**Task objective**.
Skip the images and restate every line of the records exactly.

• • • •

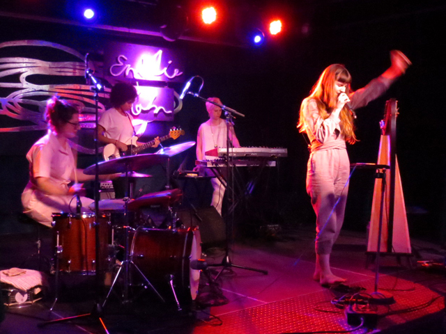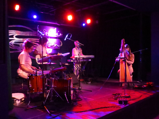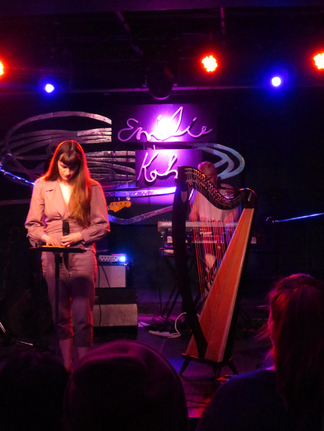 Emilie Kahn is a young songwriter, singer, and harpist from Montreal, Canada. Yes, she plays the harp. Not to be narrow-minded, but had I noted that before listening to her music, I’m not sure I would have gone ahead and checked it out, not because I don’t like the harp, but because I don’t really know it. I’d associate it with classical, new-age or folk music more than I would with the indie-rock genre that I tend to prefer. Now, after having heard Emilie perform, I’m a fan of the multi-stringed instrument, especially as she presented it, mixed with keyboards, bass guitar and drums.
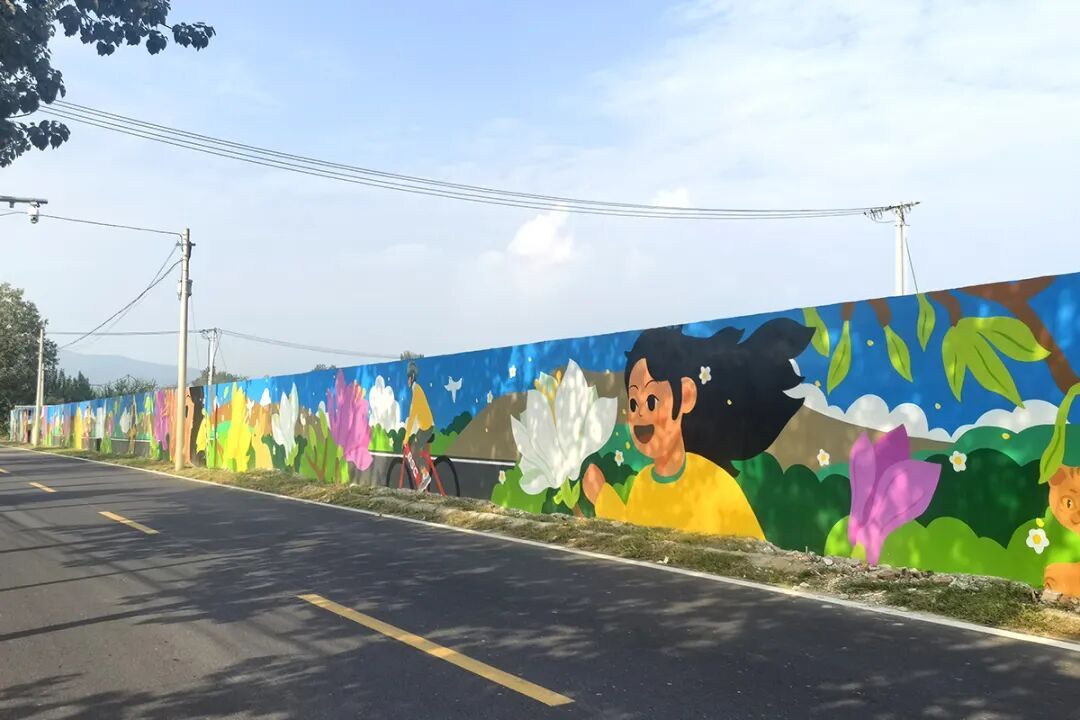 开车经过北石槽镇良善庄村的茶良路,你一定会被那道116米长的彩绘墙吸引。曾经墙皮脱落、色调暗淡的老围墙,如今变成了一座开放的“露天美术馆”。
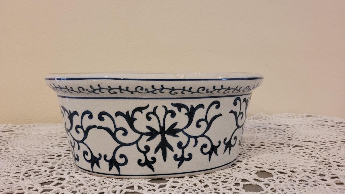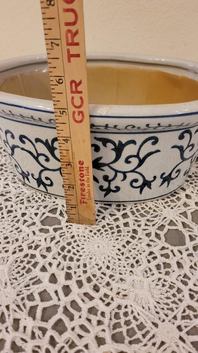 Lot 202: Blue & White Planter with Plastic Insert
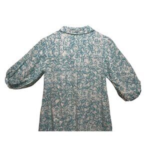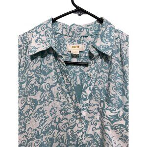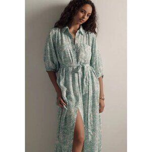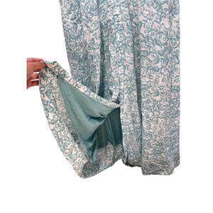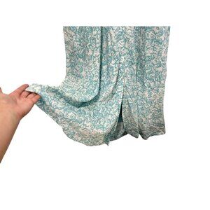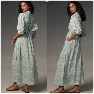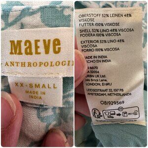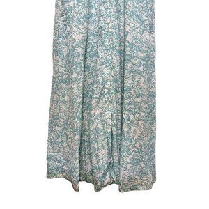 Maeve Anthropologie Aqua Floral Maxi Dress XX-Small Linen Blend Button-Front Belted Pockets
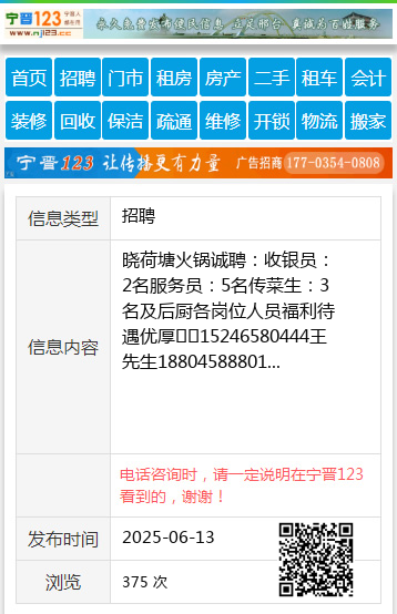 晓荷塘火锅诚聘:收银员:2名服务员:5名传菜生:3名及后厨各岗位人员福利待遇优厚☎️15246580444王先生18804588801 【电话咨询时,请一定说明在伊春信息网看到的,谢谢!】 |
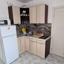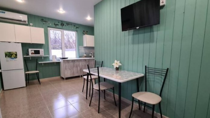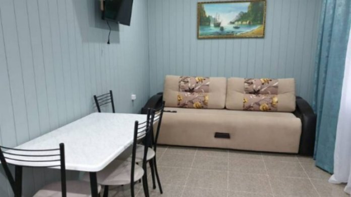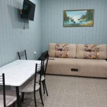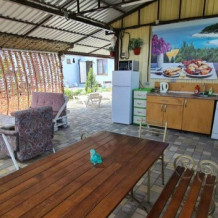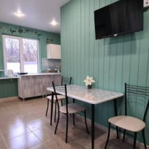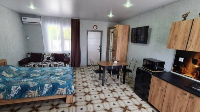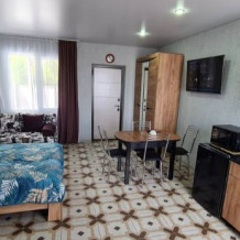На огороженной территории в новом одноэтажном доме сдаются апартаменты с кухней, зоной отдыха, санузлом и душем и апартаменты-студия, они рассчитаны на 4 человека, за дополнительную плату можем установить дополнительное место. В апартаментах имеется сплит-система, телевизор (на Ваш выбор спутниковое или обычное ТВ), микроволновая печь, электрическая плита, чайник, кухня со всей необходимой посудой, холодильник. Водоснабжение постоянное (на территории расположена собственная скважина), горячая вода в каждом номере от водонагревателя. Каждый номер имеет свою зону барбекю.
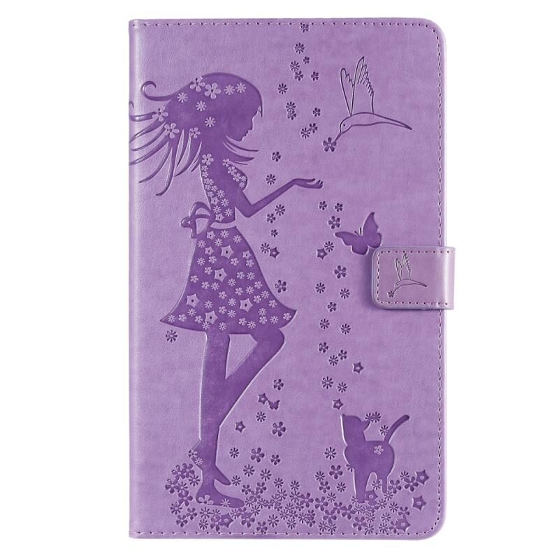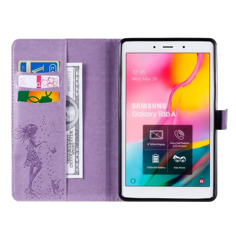 Για Galaxy Tab A 8.0 (2019) T295/T290 Θήκη δερμάτινη οριζόντιας αναδίπλωσης με σχέδιο γυναίκας και γάτας, με εκτύπωση, βάση στήριξης & θήκες για κάρτες & πορτοφόλι (Πράσινο)
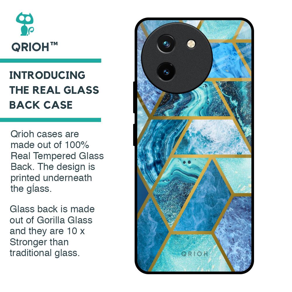 Turquoise Geometrical Marble Glass Case for Vivo T3X 5G
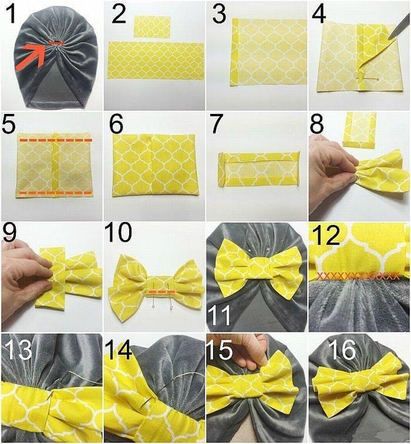 А вот понятная схема создания украшения к чалме – оно поможет нивелировать линию соединения. Такой бантик окажется и полезен, и придаст изюминку образу.
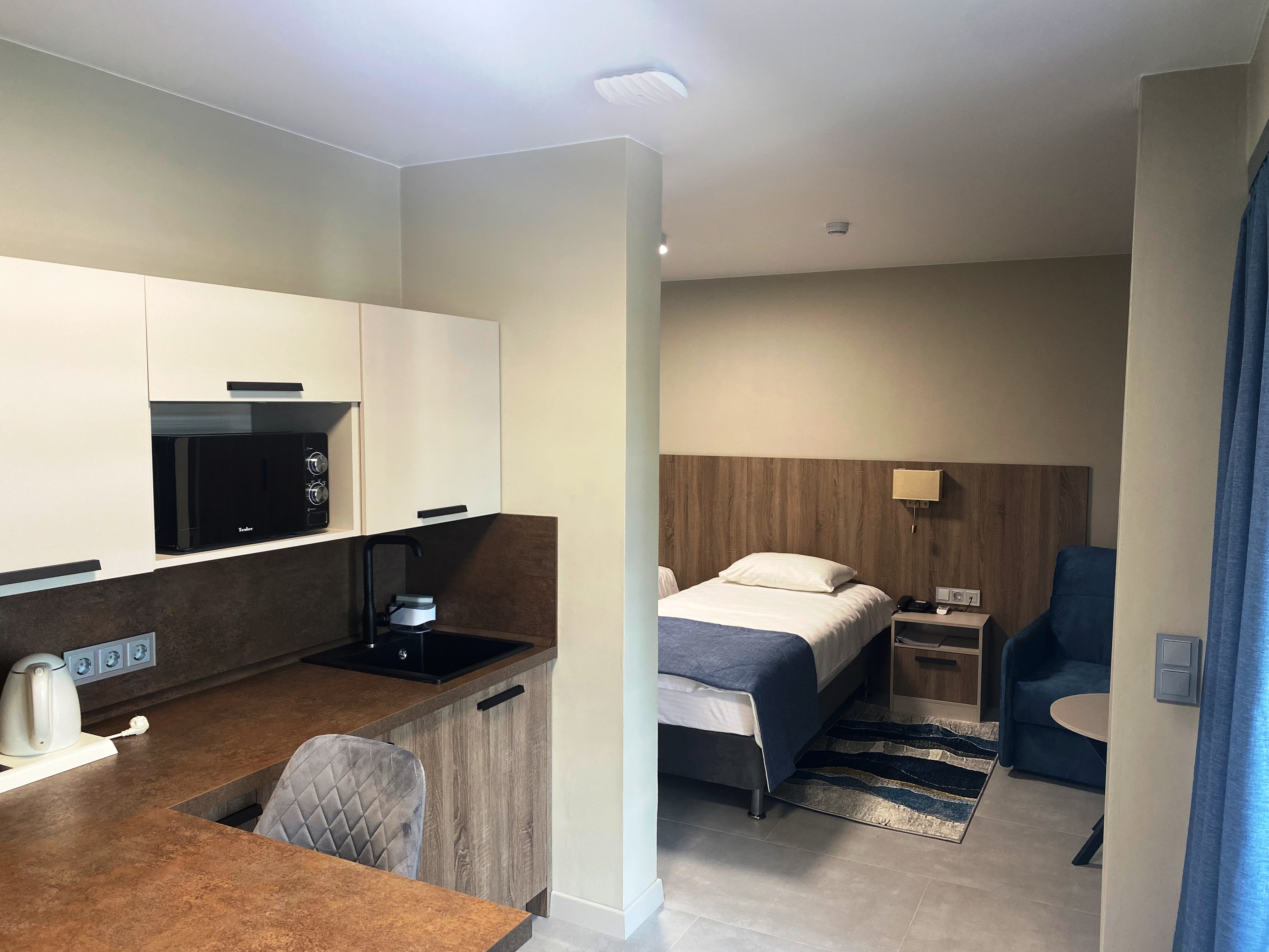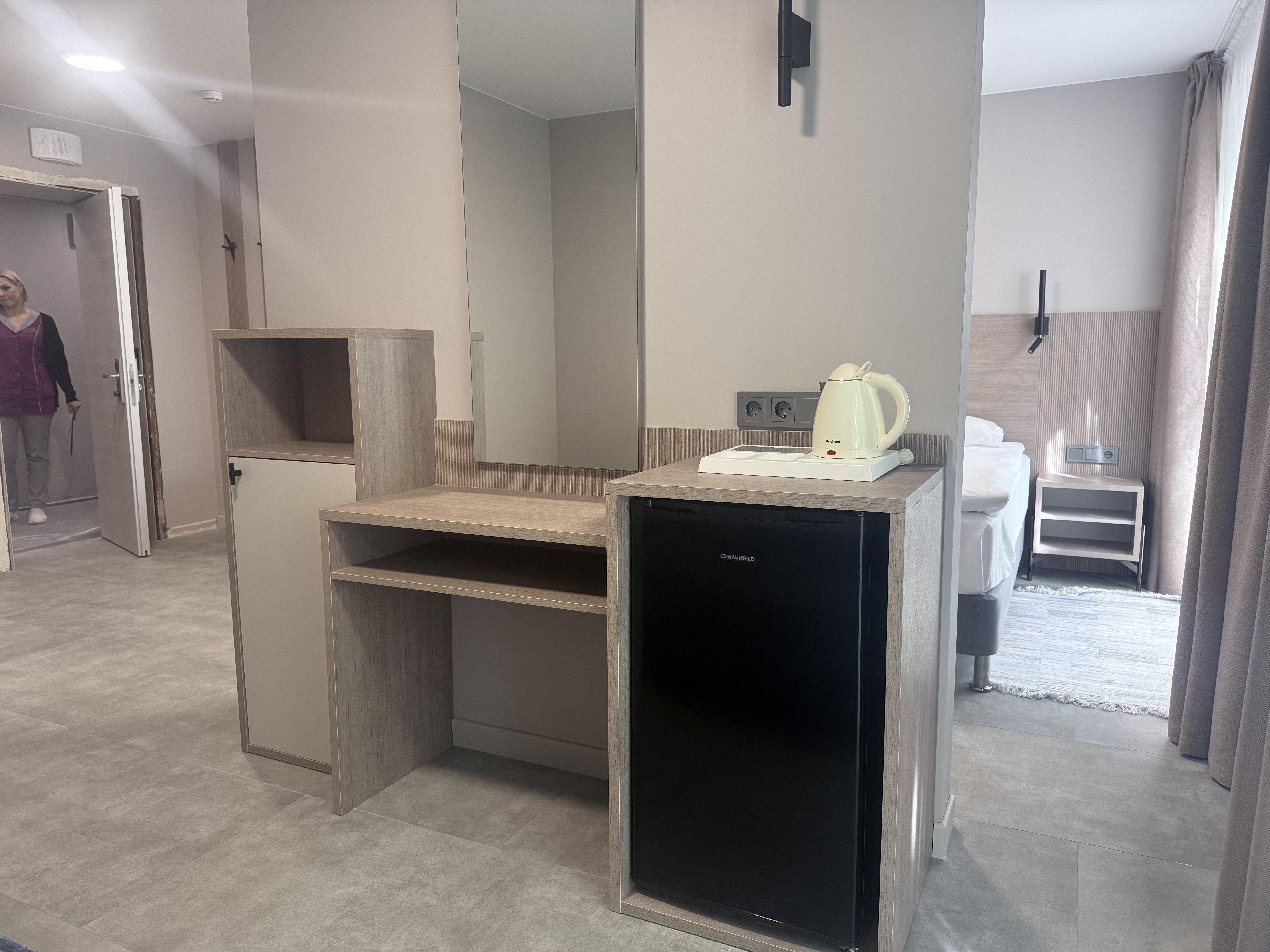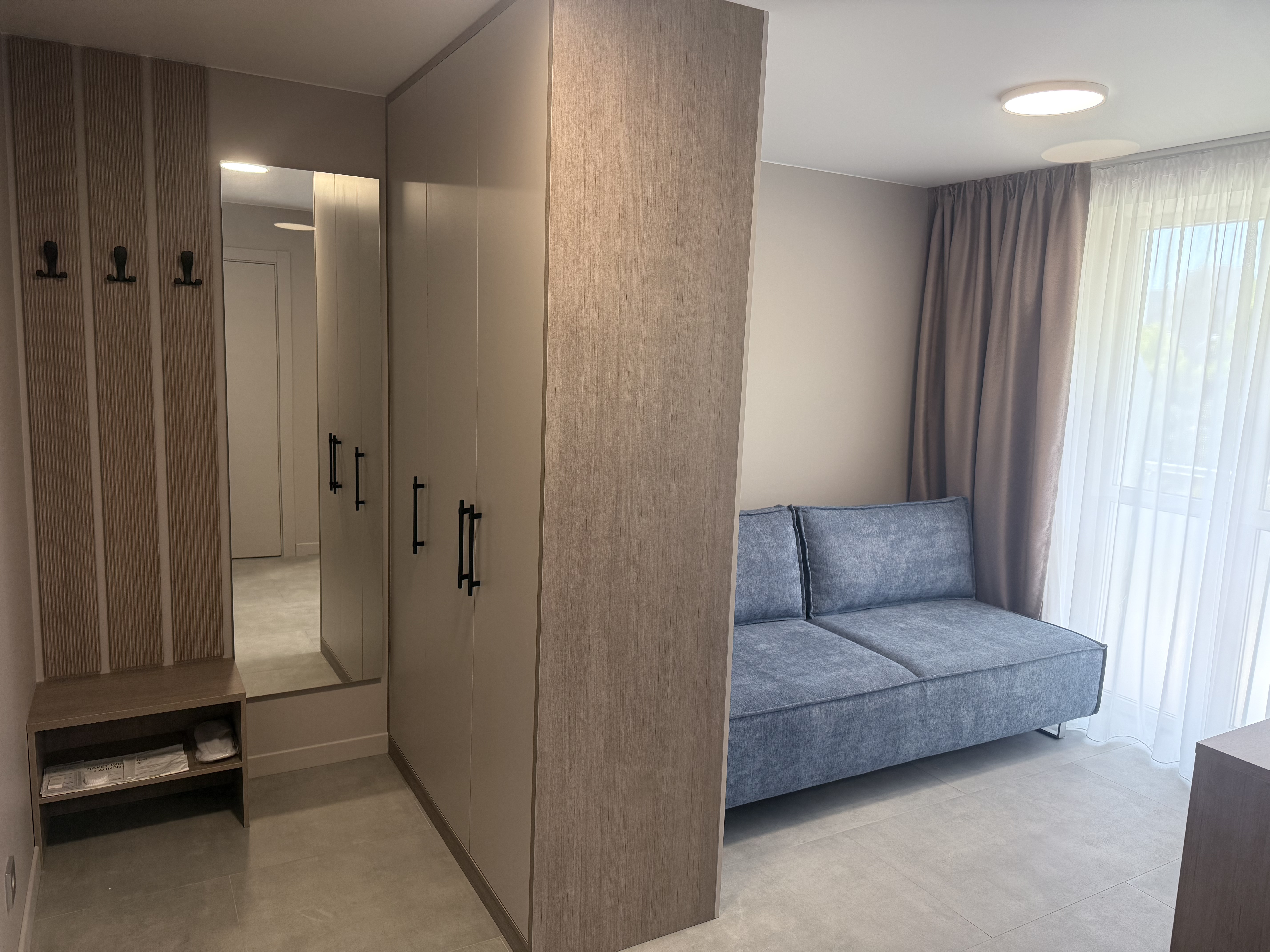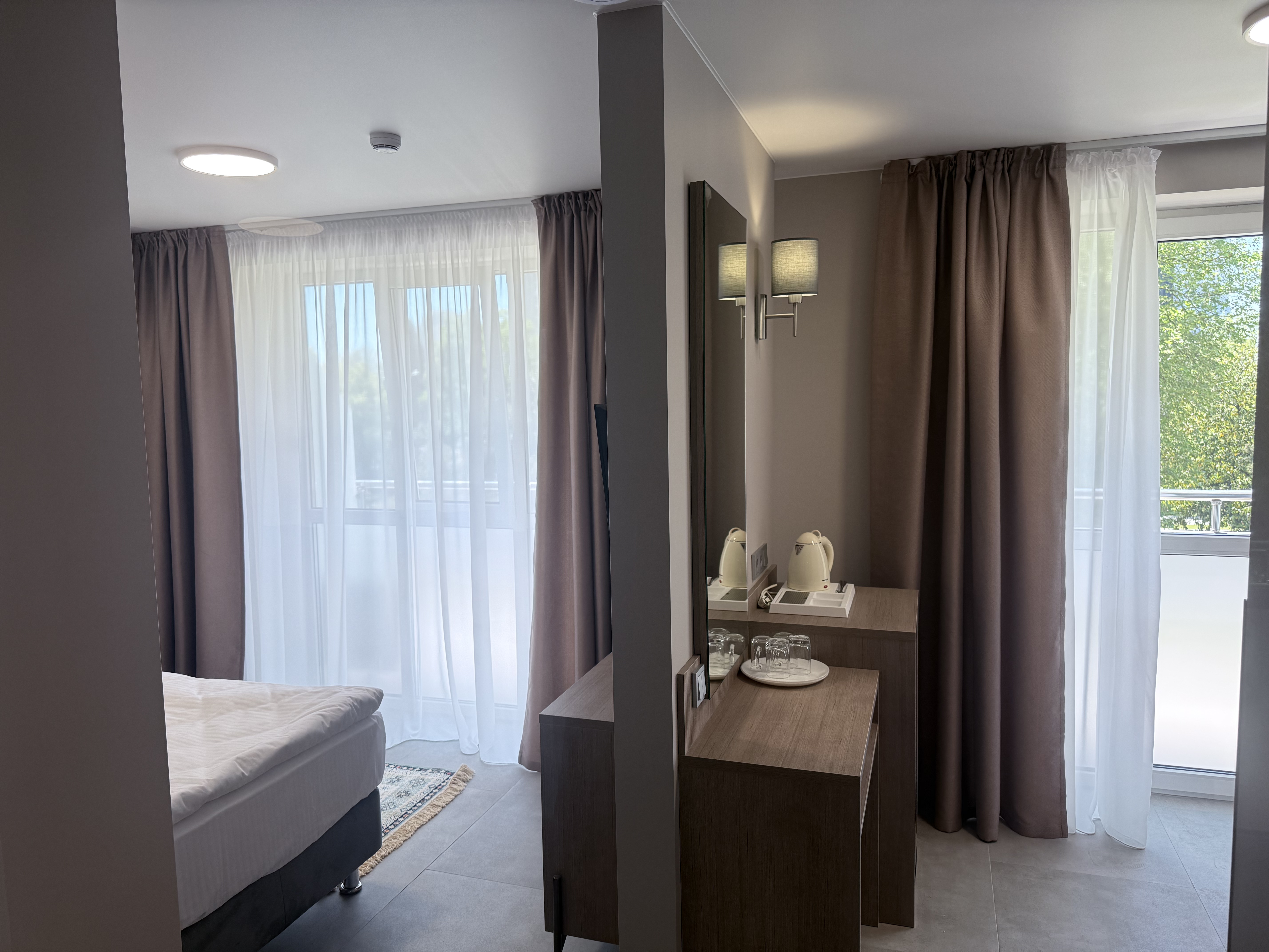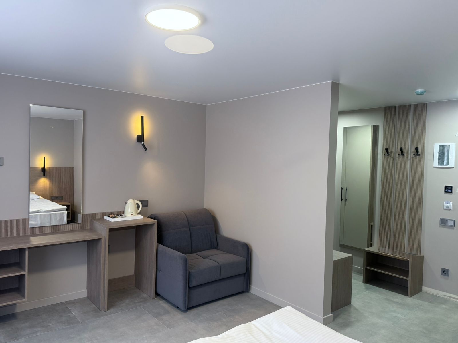 В номере: диван раскладной, зеркало, кровать двуспальная, прикроватные тумбочки, стол, шкаф, кондиционер, мини-холодильник, телевизор, телефон, электрочайник

• • • •

**Answer below**.
 Emilie Kahn is a young songwriter, singer, and harpist from Montreal, Canada. Yes, she plays the harp. Not to be narrow-minded, but had I noted that before listening to her music, I’m not sure I would have gone ahead and checked it out, not because I don’t like the harp, but because I don’t really know it. I’d associate it with classical, new-age or folk music more than I would with the indie-rock genre that I tend to prefer. Now, after having heard Emilie perform, I’m a fan of the multi-stringed instrument, especially as she presented it, mixed with keyboards, bass guitar and drums.
 开车经过北石槽镇良善庄村的茶良路,你一定会被那道116米长的彩绘墙吸引。曾经墙皮脱落、色调暗淡的老围墙,如今变成了一座开放的“露天美术馆”。
 Lot 202: Blue & White Planter with Plastic Insert
 Maeve Anthropologie Aqua Floral Maxi Dress XX-Small Linen Blend Button-Front Belted Pockets
 晓荷塘火锅诚聘:收银员:2名服务员:5名传菜生:3名及后厨各岗位人员福利待遇优厚☎️15246580444王先生18804588801 【电话咨询时,请一定说明在伊春信息网看到的,谢谢!】 |
На огороженной территории в новом одноэтажном доме сдаются апартаменты с кухней, зоной отдыха, санузлом и душем и апартаменты-студия, они рассчитаны на 4 человека, за дополнительную плату можем установить дополнительное место. В апартаментах имеется сплит-система, телевизор (на Ваш выбор спутниковое или обычное ТВ), микроволновая печь, электрическая плита, чайник, кухня со всей необходимой посудой, холодильник. Водоснабжение постоянное (на территории расположена собственная скважина), горячая вода в каждом номере от водонагревателя. Каждый номер имеет свою зону барбекю.
 Για Galaxy Tab A 8.0 (2019) T295/T290 Θήκη δερμάτινη οριζόντιας αναδίπλωσης με σχέδιο γυναίκας και γάτας, με εκτύπωση, βάση στήριξης & θήκες για κάρτες & πορτοφόλι (Πράσινο)
 Turquoise Geometrical Marble Glass Case for Vivo T3X 5G
 А вот понятная схема создания украшения к чалме – оно поможет нивелировать линию соединения. Такой бантик окажется и полезен, и придаст изюминку образу.
 В номере: диван раскладной, зеркало, кровать двуспальная, прикроватные тумбочки, стол, шкаф, кондиционер, мини-холодильник, телевизор, телефон, электрочайник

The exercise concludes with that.